A large silver crucifix ring on his finger, poet Barry Allen shouted, “Our Lord Jesus went into the temple and threw out the money changers — goddammit!”

“I love the building and the color, that beautiful yellow, right at the park,” said Susi Schropp. Though she never attended the church, she said, “It’s beyond just being a parishioner — it’s about the community being besieged.”

But Joseph Zwilling, the archdiocese’s spokesperson, said lawsuits have nothing to do with the decision to demolish the church. He stressed that to repair the church would cost too much — “in excess of $7 million, with no guarantee that it would work.” An attempt to shore up the rear wall 15 years ago by installing concrete buttresses was a failure, and the wall continues to pull away from the church, he said.

Zwilling said the exact future use of the property hasn’t been determined, but that it will be some form of Catholic ministry or mission, such as a Catholic Charities service center, community center or youth center; a school; or senior housing. Cabrini Nursing, a Catholic organization that expressed interest in the site for senior housing in 2001 after the church closed, has been the only outside entity to approach the archdiocese so far about the property, Zwilling said.

“We have not spoken to anyone else about the property,” he explained. “We don’t have any plans to reach out…. If anyone cares to talk to us….”

If Cabrini, for example, took the property, it would be for a long-term lease of probably 50 to 100 years, Zwilling said. He said it was always Cabrini’s plan to build a new structure at the site, not reuse the existing building. The archdiocese has no interest in selling to a developer to use the property for a non-Catholic-related use, he said. Zwilling said a famine museum, as some have proposed, isn’t a likelihood either.

“Operating museums is not really in keeping with the mission of the archdiocese of New York,” he said. “We are in the business of meeting people’s spiritual, education and charitable needs…. Yes, we care about history,” Zwilling said. “But in making these decisions that cannot by the priority. We cannot give too much preference to one church.”

St. Brigid’s School will continue to operate as an archdiocesan Catholic elementary school, according to the archdiocese.


‘Not about lawsuits’

Asked about the alleged lawsuits that are believed by many to be driving, at least partly, the archdiocese’s restructuring of its parishes and real estate holdings, Zwilling responded, “Name me a lawsuit. The pedophile priests [lawsuits] — there are none. There have been no lawsuits involving sexual abuse of children. People can repeat it. I would hope you would print the truth that there are none. Only 1 percent of priests in the Archdiocese of New York were ever accused of abuse of minors. That’s lower than just about anybody.”

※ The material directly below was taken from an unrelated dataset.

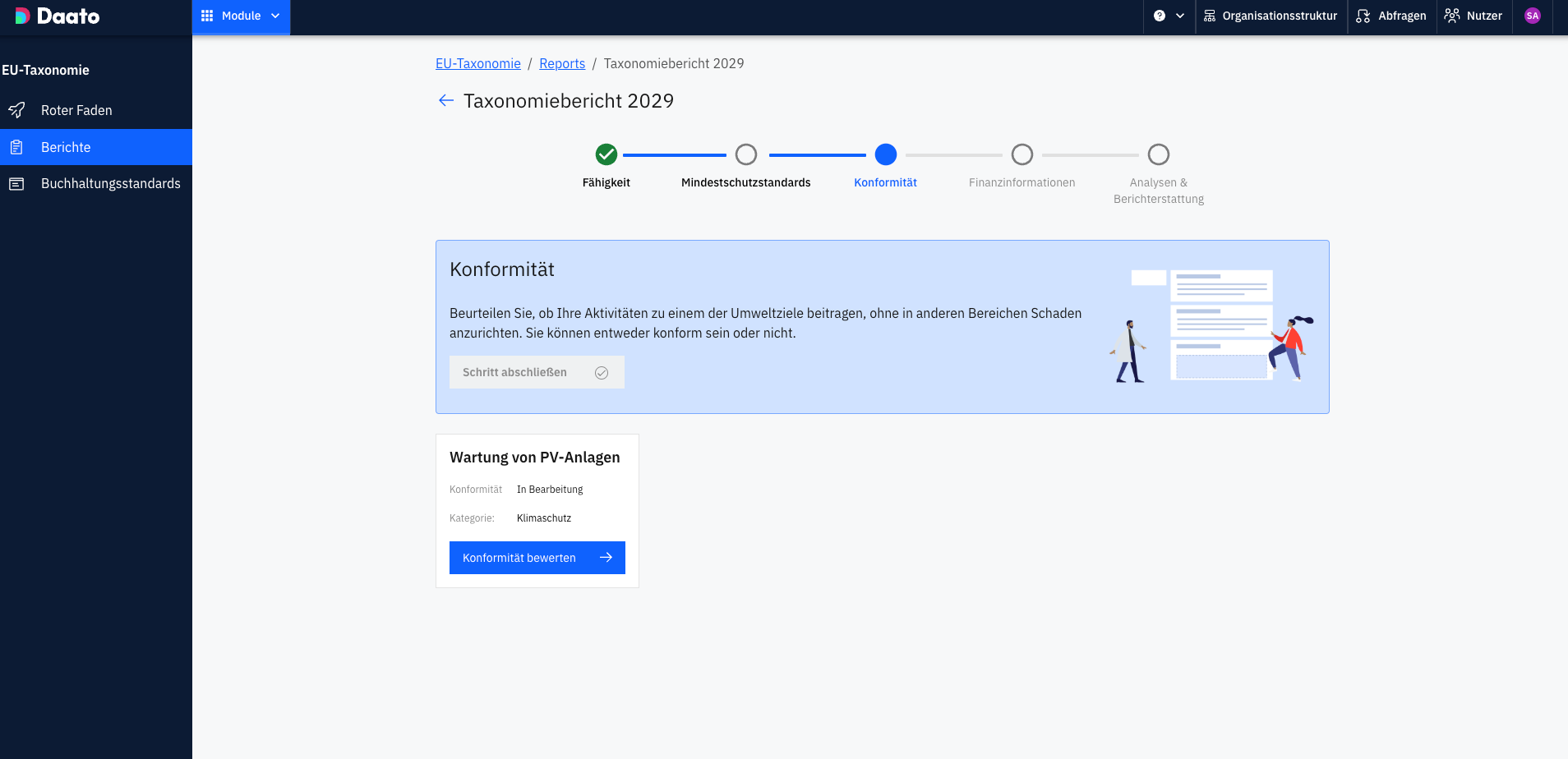 Mindkét kérdés értékelhető számos, a Taxonómiai Rendeletből és annak felhatalmazáson alapuló jogi aktusaiból származó összetett kritérium alapján. A Daato ezeket a kritériumokat felhasználóbarát kérdések formájában fogalmazta meg, lehetővé téve mindkét szempont egyszerűsített módon történő értékelését. Mindeközben folyamatosan láthatja, hogy a válaszai hogyan befolyásolják a taxonómiai megfelelőség értékelését – például, hogy egy adott válasz miatt továbbra is összhangban vannak-e, vagy már nem. Dokumentumokat is feltölthet bármikor, pl. elismervényként, és továbbíthatja a kérdéseket a kollégáknak .

Despite the archdiocese’s justifications, the church’s supporters still can’t understand why the archdiocese wouldn’t want to save one of the oldest churches in the city.

 Tchan Montory, an artist originally from France who lives across from the church, said she’s shocked that such a building would be permitted to be demolished.

“For America, it’s old,” she said. “For the world, it’s not that old. I just find it mind-blowing. It’s a national treasure, and it’s something of importance to the world.”

She said she was also worried about the potential health effects of dust and asbestos from the demolition blowing into the neighborhood and across the avenue into the park where children play.

Jerome O’Connor, who used to own St. Dymphna’s bar on St. Mark’s Pl., originally had the idea to investigate the demolition permit to check if it was valid — which is the only thing currently standing in the way of the building being razed.

“You don’t tear down a 158-year-old church for anything,” O’Connor said. “I’d like to see all the Catholic churches leveled, because of what they do. But not this one.”